Market volatility in the digital asset industry is something all investors regularly have to deal with. Therefore, it becomes imperative that an investor enters the market at the right price point, in order to accrue the maximum profit.

Keeping that piece of advice in mind, recent data has suggested that a significant number of addresses may have entered the market of the world’s largest altcoin at the wrong time.

Source: intotheblock

The attached chart categorizes and classifies addresses in two divisions – All-Time Highers and All-Time Lowers. All-time-Highers are the addresses that practically bought into Ethereum in a range within 20 percent from its all-time-high valuation of $1420. In the same manner, All-time Lowers are the addresses that entered that market within 20 percent from the all-time low market value.

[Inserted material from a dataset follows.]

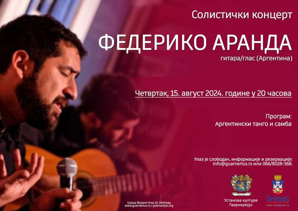 U četvrtak, 15. avgusta, s početkom u 20 časova, u Ustanovi culture Gvarnerijus koncert će održati argentinski tango pevač i gitarista Federiko Aranda. Publika će imati priliku da uživa u argentinskom tangu i sambi i vanvremenskim kompozicijama Pereire, Floresa, Rosija, Podeste, Pereza, Gardela... Federico Aranda je argentinski tango pevač, vokalni pedagog i muzičar sa bogatom i raznovrsnom muzičkom karijerom. Njegovo putovanje je počelo u prestižnom Argentinskom nacionalnom dečjem horu, gde je usavršio svoje vokalne veštine i stekao čvrste osnove muzičkog jezika. Svoju pevačku karijeru nastavlja u Narodnoj muzičkoj školi u Avellanedi, specijalizujući se za žanr tanga. Od 2018. godine postaje glavni pevač Orkestra Típica San Osvaldo, nastupajući na najistaknutijim milongama u Buenos Ajresu i širom zemlje. Poznat je po svojim strastvenim interpretacijama repertoara Osvalda Pugliesea i osvojio je srca publike u Buenos Airesu i širom Argentine.

Jotting down the range in numbers, it was suggested that at press time, around 395K addresses present in the market had bought into the Ethereum market when it was priced between $1420 and $1130. The loss incurred by those addresses, at the moment, is close to 90 percent. In comparison, only 1.4k addresses came under the bracket of ATL, addresses that incurred a profit of close to 45 percent, at press time.

Ethereum hodlers’ sentiment

Source: intotheblock

In the short term, Ethereum’s credentials as an investment may have been affected, but over the past year, the number of users hodling the 2nd largest crypto-asset has grown in numbers.

In March 2019, around 8.79 million addresses held approx 48 million ETH collectively and the weighted average time period was around 2.1 years at that time. Since then, the weighted average has risen to 2.4 years and the total amount of ETH held has improved as well. At press time, March 2020 data revealed that over 57 million ETH tokens were being hodled together by 19.97 million addresses.

Source: intotheblock

In terms of cruisers’ addresses, entities holding Ethereum for a duration of fewer than 12 months remained consistent throughout the past year, with only a relative increase over the past 3 months.

In fact, the average time held in the short-term improved from 5.7 months during the end of December 2019 to 6.3 months on 17 March. The rise in short-term hodlers could be due to the early bullish rally in January and February this year.